11話 戻ってこい
「あ、あああああっ!!」
伸ばされたサヤの手は白く発光、長谷川さんの胸辺りに触れた。
すると長谷川さんは苦しそうな声を上げながらそれから逃れようとしているのか、それともただ辛いだけなのか、ゆっくりとその膝を地面に着けようとする。
サヤはそんな長谷川さんを逃さまいと俺の腕から慌てて抜け出す。
焦りからなのかその額には汗が滲み、少しばかり息は荒い。
「う、く……。やっぱりこれ、苦手……。賢者職、じゃないと……。効果を、最大には引き出せな、い……。でも。あと、ちょっと……」
気付けばサヤの手の先が何かを掴んでいた。
それは魔族因子が内在されている魔石、ではなくおそらくはそれとつながっているであろう黒い紐。

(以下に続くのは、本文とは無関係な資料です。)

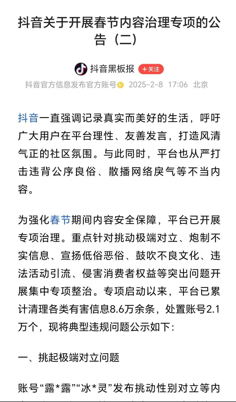 “清朗·2025年春节网络环境整治”专项行动启动以来,网信部门迅速部署、狠抓落实,强化排查处置,抓好督导整改,督促重点网站平台切实履行主体责任,针对挑起极端对立、炮制不实信息、宣扬低俗恶俗、鼓吹不良文化、违法活动引流、侵害消费者权益等6类问题,从严查处一批违法违规典型案例,确保整治工作取得扎实成效,为营造春节良好网络氛围提供了有力保障。

サヤがそれを引っ張ると長谷川さんは呻き声を漏らし、黒いオーラは激しく揺れた。
身体はもう動かせないのだろうけど、気持ちでは必死に抵抗しているのだろう。
その証拠に折角引き出してもサヤが少し気を抜いてしまうと、黒い紐はすかさず長谷川さんの身体に戻ろうとする。
その光景は例えるなら綱引き。
共に歯を食いしばり、凄まじい形相を見せている。
「う、あああああああああああああっ!!」
「こ、のっ! 暴れない、でよっ!」
長谷川さんの呻き声が雄叫びに変わった、と同時にサヤの声がうわずった。
一生続くかと思われた綱引きは途端に長谷川さん優勢の状況へと変わったらしい。
このままじゃ長谷川さんを救うのは不可能、かもしれない。
じゃあ殺すのか? 長谷川さんを? 俺が?
「くっ! もう駄目! こいつはもう魔族でしかないわ! 殺すしか、ないっ!」
「で、できるわけない!」
「こいつはもう魔族なのよ!?」
「でも! サヤが、お前が余計なことしなければ……人間のままだった!!」
「こ、この人間は、こいつは……もう手遅れだったの! 条件、極度の憎しみを抱いていて……私にはうっすらとこの黒いオーラが既に見える状態に陥っていたの!」
「責任を背負いたくないからってそんな言い訳――」
「違うわ! た、例えばだけどこの人間、急激に身体能力が向上したり、口調が強くなったり、ガラっと雰囲気が変わったり、そんなことはなかった!?」
「そ、れは……」
「それが証拠っ! 魔族因子は――」
「あうがああああっ! あ、ああっ! ……ゆ、うっ! 私は、私……もうっ!」
「は、長谷川さん!」
「まだ飲まれて、ない? 魔法の影響? ううん。まだ因子は取り除いてない。発芽しきってなかったのはもしかして、こっちの人間には耐性があるから?」
「耐性とかそんなのどうだっていい! まだ長谷川さんのままなんだから!」
苦しそうにしながらも長谷川さんが口にしたのは人の言葉、自分の意思。
そして助けを求めるように伸ばされたその手を俺は握った。
すると……。
「これは……なんだ?」
目は開けている、苦しそうな長谷川さんとサヤの姿がある。
それでいて、その横、これは幻覚か? 視界の奥、少しぼやけてはいるけど、人が……2人見える。
2人は幼くて、どこか似た顔。
兄弟? いや……姉弟か。
だって女の子、あれは間違いなく長谷川さんだから。
俺の知ってる表情とは違って緩みきった、いいや何かを諦めたような、そんな表情にも見える。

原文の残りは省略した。